→ DATASET SECTION
---*---

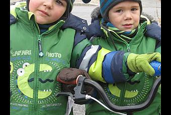 Voici une photo de fiston et de P'tit Tom, avec oui, oui, vous avez bien vu, le même manteau d'hiver et des accessoires identiques... Discutable, mais vraiment mignon, non?
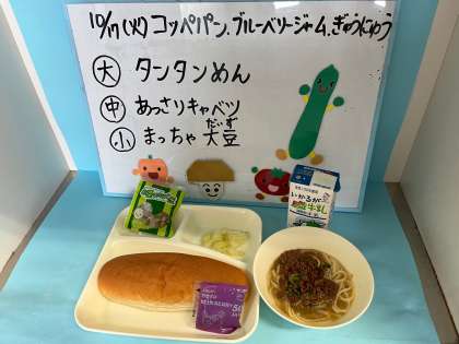 タンタンめん あっさりキャベツ まっちゃ大豆 コッペパン ブルーベリージャム、ぎゅうにゅう です。
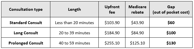 This is best illustrated by the fact that the same Medicare rebate ($65.75) applies for a consultation that takes 6 minutes as it does for a consultation that takes 19 minutes, even though the latter is more than three times as long.

---*---

→ WHAT TO PRODUCE
The reply should consist of the listing restated word for word, with its pictures removed.

→ EXERCISE RESULT
 Voici une photo de fiston et de P'tit Tom, avec oui, oui, vous avez bien vu, le même manteau d'hiver et des accessoires identiques... Discutable, mais vraiment mignon, non?
 タンタンめん あっさりキャベツ まっちゃ大豆 コッペパン ブルーベリージャム、ぎゅうにゅう です。
 This is best illustrated by the fact that the same Medicare rebate ($65.75) applies for a consultation that takes 6 minutes as it does for a consultation that takes 19 minutes, even though the latter is more than three times as long.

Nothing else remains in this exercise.